# Lab 03: Fun with `pandas`!

Below are some exercises to get you working with `pandas` to manipulate data. As always, get as far as you can, and ask for help when you need it! Your teacher (me), you instructor, and your classmates are all here to help each other get better at coding. Getting the code to work is important, but do also take the time to make sure you understand what the commands are doing. This time, (with the exception of the Stroop challenge), all I've given you is the code to download the data. Then you are on your own. For the Stroop challenge, I gave the you code for the first step—after that, it's up to you :-)

## Music sales challenge

Write a script that:

1. Combines the tables of best-selling physical singles and best-selling digital singles on the Wikipedia page "List_of_best-selling_singles"
2. Adds a column which marks whether each row is from the list of physical singles or digital singles
3. Outputs the artist and single name for the year you were born.
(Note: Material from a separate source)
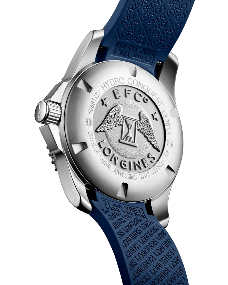 Мужские механические швейцарские часы с автоподзаводом Longines HydroConquest L3.781.4.96.9. Сапфировое стеклоСапфировое стеклоПрочный и надёжный материал из кристалла сапфира синтетического происхождения, характеризующийся особой твёрдостью и устойчивостью к царапинам и повреждениям. с антибликовым покрытием, устойчивое к мелким механическим повреждениям. Корпус часов изготовлен из нержавеющей стали. Вращающийся стальной безельБезельВнешний ободок, закрепляющий стекло. В спортивных часах так называется поворотное кольцо с делениями на циферблате, выполняет роль таймера – замеряет отрезки времени на шкале. Неподвижный безель – элемент декора. Однонаправленно вращающийся безель на дайверских часах позволяет фиксировать моменты погружения и выныривания на поверхность. с люминесцентным покрытиемЛюминесцентное покрытиеПозволяет считывать показания времени в темноте. Производители наносят на стрелки, часовые индексы, безель или поверхность циферблата светонакопительный состав, дающий холодное свечение. Superluminova из нержавеющей стали с PVD-покрытиемPVDУльтратонкое покрытие наносится в технике вакуумного напыления, сочетает в себе нитрид титана особой прочности со слоем золота или оксида хрома. Несёт в себе декоративную или защитную функцию. и керамики, защищенный от царапин, никогда не изнашивается и не выцветает. Стрелки и метки с люминесцентным покрытиемЛюминесцентное покрытиеПозволяет считывать показания времени в темноте. Производители наносят на стрелки, часовые индексы, безель или поверхность циферблата светонакопительный состав, дающий холодное свечение.. Окошко даты находится в положении 3 часа. Класс водозащиты: 300 метров, позволит плавать, нырять и заниматься другими водными видами спорта. Каучковый ремешок на раскладной застёжкеРаскладная застёжкаТакой тип застёжки используется только на браслетах из металла. Она никогда не раскрывается полностью, происходит разделение на 2 и более частей. Раскладывающая застёжка снизит вероятность потери часов к минимуму..

If there is no entry for that year, take the closest year after you were born.
4. Outputs the artist and single name for the year you were 15 years old.

In [4]:
# Starter code...

%pip install lxml
import pandas as pd

rawdata = pd.read_html("https://en.wikipedia.org/wiki/List_of_best-selling_singles") # this gives a list of data frames
# print(rawdata)


# Inspect the data - find which table corresponds to digital and physical singles
# rawdata is a list of DataFrames, so we can inspect each DataFrame
for i, df in enumerate(rawdata):
    print(f"Table {i}:")
    #print(df.head(), '\n')  # Print the first few rows of each table to identify them

physical_singles = rawdata[0]
digital_singles = rawdata[3]

# add row to identify type of single
physical_singles['Type'] = 'Physical'
digital_singles['Type'] = 'Digital'

singles_merged = pd.concat([digital_singles,physical_singles], ignore_index=False)
#print(singles_merged)

Collecting lxml
  Downloading lxml-5.3.0-cp310-cp310-manylinux_2_28_x86_64.whl.metadata (3.8 kB)
Downloading lxml-5.3.0-cp310-cp310-manylinux_2_28_x86_64.whl (5.0 MB)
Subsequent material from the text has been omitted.